TSPY_TOXIFBNKR.A

This malware is involved in the global financial network transfer system Swift hacking incident of April-May 2016. It has certain routines that are tailored to take advantage of the SWIFT messaging network in order to steal funds.

To get a one-glance comprehensive view of the behavior of this Spyware, refer to the Threat Diagram shown below.

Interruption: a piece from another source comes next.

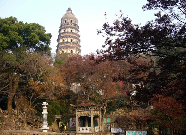 虎丘山是中生代火山爆發(fā)后的殘存,曾為海中一小島,古稱“海涌山”。自春秋起,經(jīng)東晉、唐、宋、元、明、清歷代經(jīng)營(yíng),留下了許多勝跡,成為蘇州歷史發(fā)展的縮影和吳文化中的瑰寶。據(jù)后漢《越絕書(shū)》記載,春秋吳國(guó)時(shí)期,吳王夫差葬父闔閭于此,葬后三日有白虎踞其上,故得名虎丘。東晉時(shí),司徒王珣和其弟王珉分別建宅于虎丘,后舍宅為寺,名虎丘山東、西寺。東晉高僧竺道生、梁代憨憨尊者都曾在寺中講經(jīng)和生活,并留下生公講臺(tái)、憨憨泉、千人坐等古跡及相關(guān)傳說(shuō)。唐代,為避唐高祖李淵祖父李虎名諱,虎丘一度改名武丘,寺名亦易為武丘報(bào)恩寺,仍分東西兩寺。寶歷元年(公元825年),詩(shī)人白居易任蘇州刺史時(shí),在山前開(kāi)河筑堤,引運(yùn)河水至閶門,并于堤上栽桃柳兩千株,人稱七里山塘“白公堤”。同時(shí),又繞山鑿溪,引水環(huán)山,使得虎丘山水相映、水陸交通方便。此后至民國(guó)的1100多年間,山塘成為連結(jié)閶門與虎丘的唯一紐帶。五代十國(guó),吳越國(guó)錢氏治理蘇州數(shù)十年,大事修建佛寺,構(gòu)筑園林。據(jù)記載,虎丘的寺院和勝跡在這一時(shí)期也得到了修繕和發(fā)展。特別值得一提的是,虎丘現(xiàn)有的佛塔就是后周顯德六年(公元959年)至北宋建隆二年(公元961年)吳越國(guó)時(shí)期所筑。北宋時(shí)期,虎丘佛教極為興盛,知州魏庠奏改寺名為“云巖禪寺”,塔即稱“云巖寺塔”。南宋紹興初(約1131年),高僧紹隆到虎丘講經(jīng),一時(shí)眾僧云集,聲名大振,遂形成禪宗臨濟(jì)宗的一個(gè)派別“虎丘派”。當(dāng)時(shí)東南大叢林號(hào)“五山十剎”者,虎丘居其一。元至正四年(公元1344年),版權(quán)所有山東聊城聊之旅國(guó)際旅行社有限公司,轉(zhuǎn)載必究!山寺重加修復(fù),新建有“斷梁殿”之稱的二山門。

This spyware arrives on a system as a file dropped by other malware or as a file downloaded unknowingly by users when visiting malicious sites.

Arrival Details

This spyware arrives on a system as a file dropped by other malware or as a file downloaded unknowingly by users when visiting malicious sites.

Other Details

This spyware requires the following additional components to properly run:

• %Temp%\WRTU\ldksetup.tmp <- log file of malware's activity
• %Temp%\WRTU\LMutilps32.dat <- configuration file
• fpdfsdk.dll <- DLL required to convert PDF to XML and vice versa

(Note: %Temp% is the Windows temporary folder, where it usually is C:\Windows\Temp on all Windows operating system versions.)

It does the following:

• Modifies bank transactions that use SWIFT Messaging in PDF format
  • Triggers when opening a PDF file
    • Reads PDF and converts it to XML then saves to a temporary file
    • Reads the XML file and parses it to look for the following strings:
      • ": Statement Line"
      • "Closing Balance (Booked Funds)"
      • "POS_TEMP"
      • "Opening Balance"
      • "Sender"
      • ": Debit"
      • ": Credit"
      • " Debit"
      • " Credit"
      • "POS_PAGE_START"
      • ": Closing Avail Bal (Avail Funds)"
      • "Message Trailer"
      • "Message Text"
      • "Message Header"
      • "Instance Type and Transmission"
      • "pagecount"
      • ": FIN 950" <- SWIFT statement message indicator
    • Modify the XML file based on the configuration file
    • Converts the modified XML file to PDF then replaces the original PDF file
    • Opens modified PDF file with the legitimate Foxit Reader for the user to see
• Deletes traces of the malware's activities when modification fails
  • Executes mspdclr.exe with the PDF file as parameter
  • Deletes the original SWIFT message (in PDF format) file from the logs in the following paths:
    • {LOG_PATH}\{SWIFT Code of Bank}{PrtIn/PrtOut}\{SWIFT Message File name}
    • {LOG_PATH}\{SWIFT Code of Bank}{PrtIn/PrtOut}\{Year}\{Month}\{Day}\{SWIFT Message File name}
      • Where:
        LOG_PATH - path of the log files, retrieved from the config file
        SWIFT Message File Name - PDF file that failed to be modified/loaded
  • Execute SQL commands to delete database logs
    • The SQL command is executed using the following format:
      sqlcmd.exe -S "{SQL_SERVER_PORT}" -E -Q "set nocount on;SQL_QUERY" -h -1 -W -o "OUTPUT_FILE"
    • Where:
      SQL_SERVER_PORT - SQL server protocol retrieved from config file
      OUTPUT_FILE - file to receive output from executed SQL command
      SQL_QUERY - hardcoded SQL queries
• Logs its activities in %Temp%\WRTU\ldksetup.tmp

(Note: %Temp% is the Windows temporary folder, where it usually is C:\Windows\Temp on all Windows operating system versions.)

NOTES:

This malware must be set to be the default application to handle PDF files or was manually selected by the user to open a PDF file for it to proceed with its malicious routine. Either it is manually registered by the user thinking it is the legitimate Foxit Reader or it has a dropper that registers it as part of its routine.